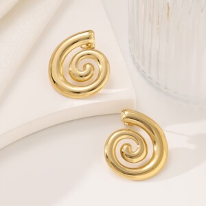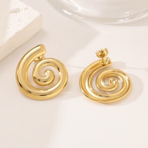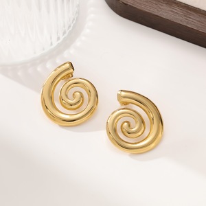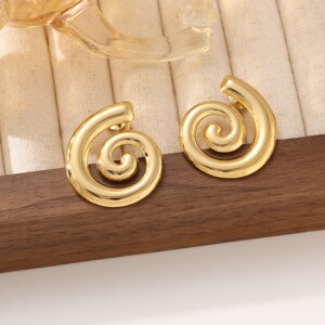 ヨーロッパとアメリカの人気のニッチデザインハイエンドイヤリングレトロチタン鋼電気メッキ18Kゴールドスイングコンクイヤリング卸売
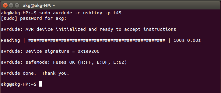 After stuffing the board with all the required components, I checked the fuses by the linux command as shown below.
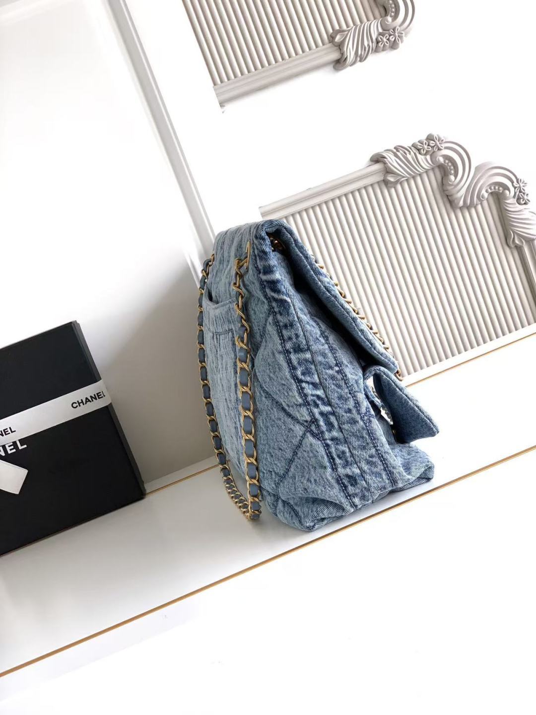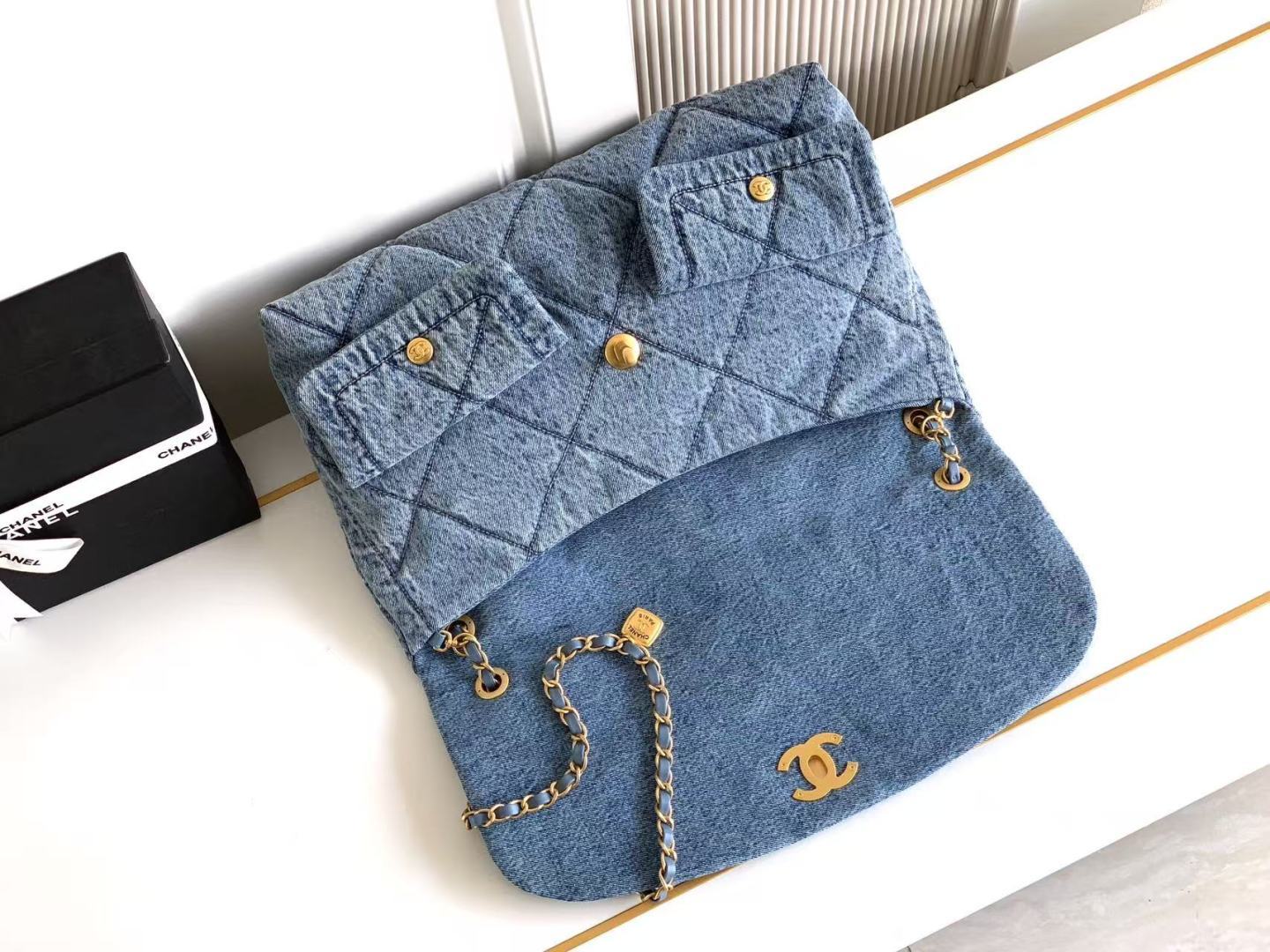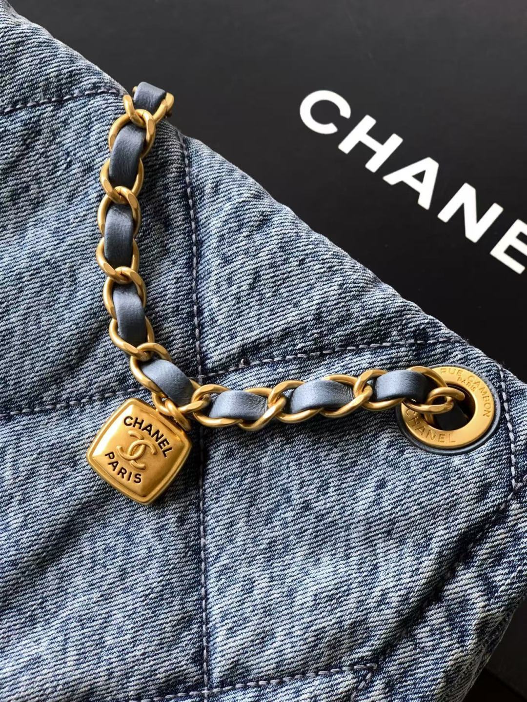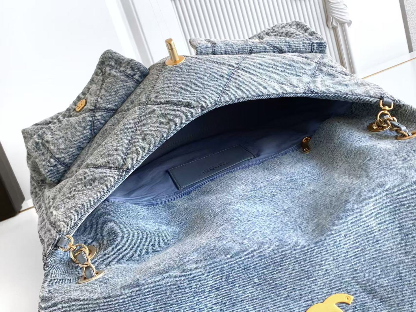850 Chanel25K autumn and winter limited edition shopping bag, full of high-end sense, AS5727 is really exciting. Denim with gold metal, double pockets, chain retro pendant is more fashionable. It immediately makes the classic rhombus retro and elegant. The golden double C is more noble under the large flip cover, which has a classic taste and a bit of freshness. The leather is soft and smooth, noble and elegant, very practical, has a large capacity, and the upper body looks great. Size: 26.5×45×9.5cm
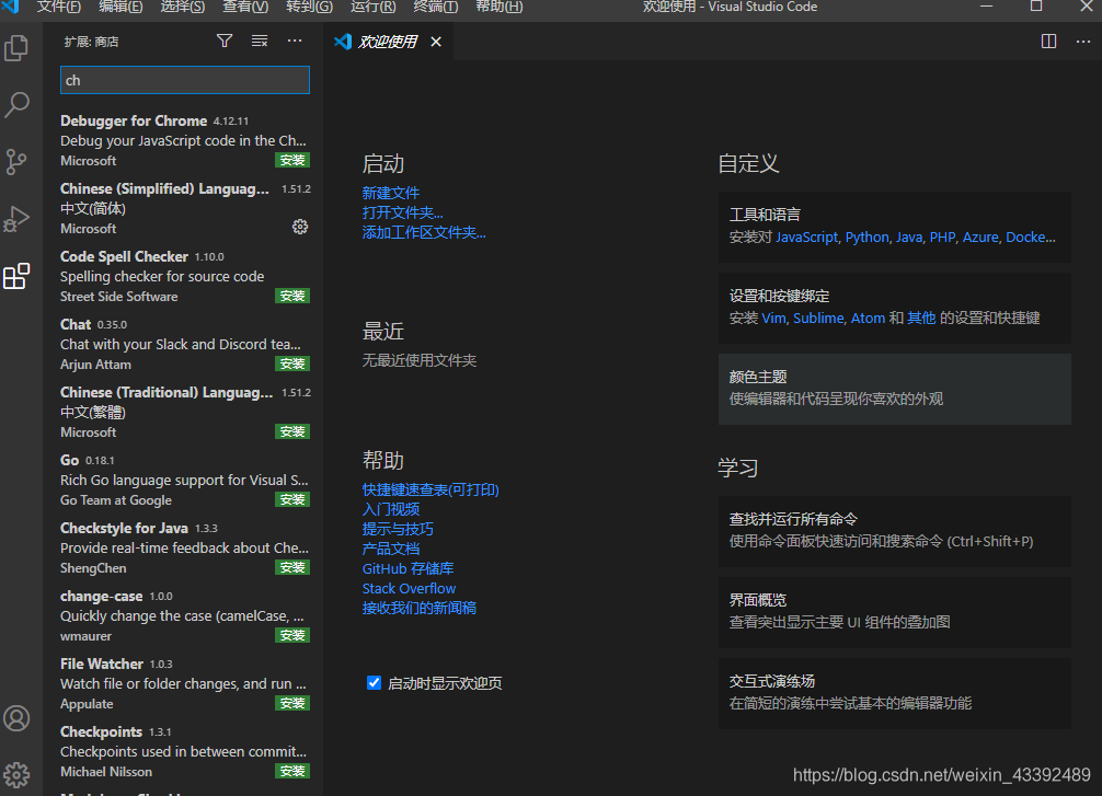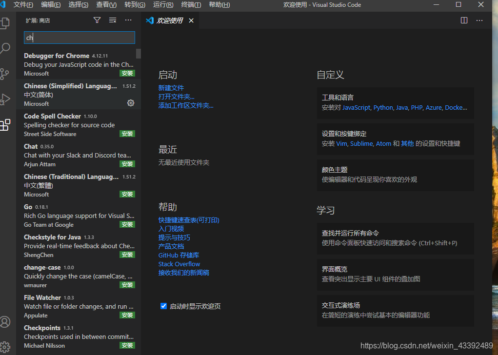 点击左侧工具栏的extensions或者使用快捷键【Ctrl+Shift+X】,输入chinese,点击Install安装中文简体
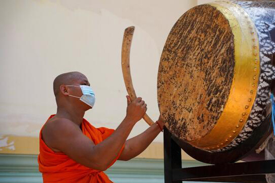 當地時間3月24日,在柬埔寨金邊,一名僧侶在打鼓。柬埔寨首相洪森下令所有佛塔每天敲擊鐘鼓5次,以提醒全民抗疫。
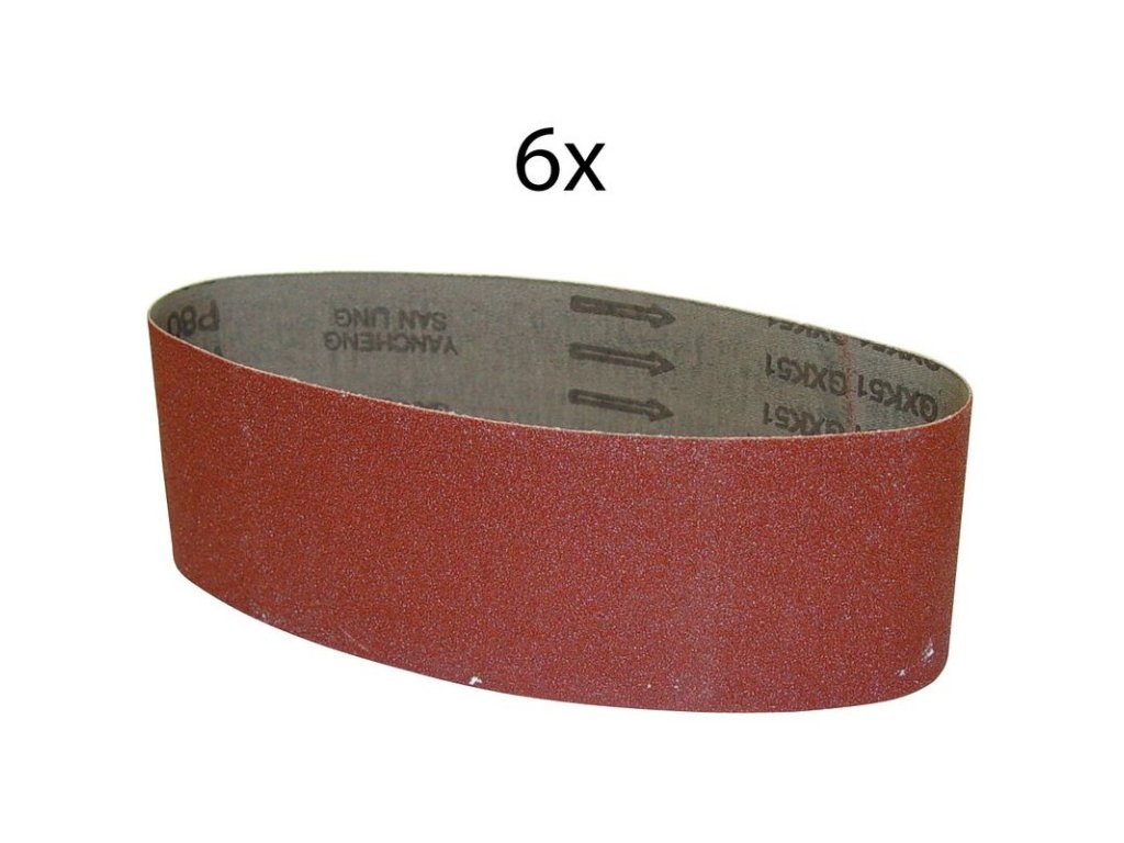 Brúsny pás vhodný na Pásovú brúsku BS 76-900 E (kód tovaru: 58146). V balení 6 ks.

◆ What is being asked ◆
A word-for-word copy of the entries above is what is needed, without any images.

◆ Response for this exercise ◆
 ヨーロッパとアメリカの人気のニッチデザインハイエンドイヤリングレトロチタン鋼電気メッキ18Kゴールドスイングコンクイヤリング卸売
 After stuffing the board with all the required components, I checked the fuses by the linux command as shown below.
850 Chanel25K autumn and winter limited edition shopping bag, full of high-end sense, AS5727 is really exciting. Denim with gold metal, double pockets, chain retro pendant is more fashionable. It immediately makes the classic rhombus retro and elegant. The golden double C is more noble under the large flip cover, which has a classic taste and a bit of freshness. The leather is soft and smooth, noble and elegant, very practical, has a large capacity, and the upper body looks great. Size: 26.5×45×9.5cm
 点击左侧工具栏的extensions或者使用快捷键【Ctrl+Shift+X】,输入chinese,点击Install安装中文简体
 當地時間3月24日,在柬埔寨金邊,一名僧侶在打鼓。柬埔寨首相洪森下令所有佛塔每天敲擊鐘鼓5次,以提醒全民抗疫。
 Brúsny pás vhodný na Pásovú brúsku BS 76-900 E (kód tovaru: 58146). V balení 6 ks.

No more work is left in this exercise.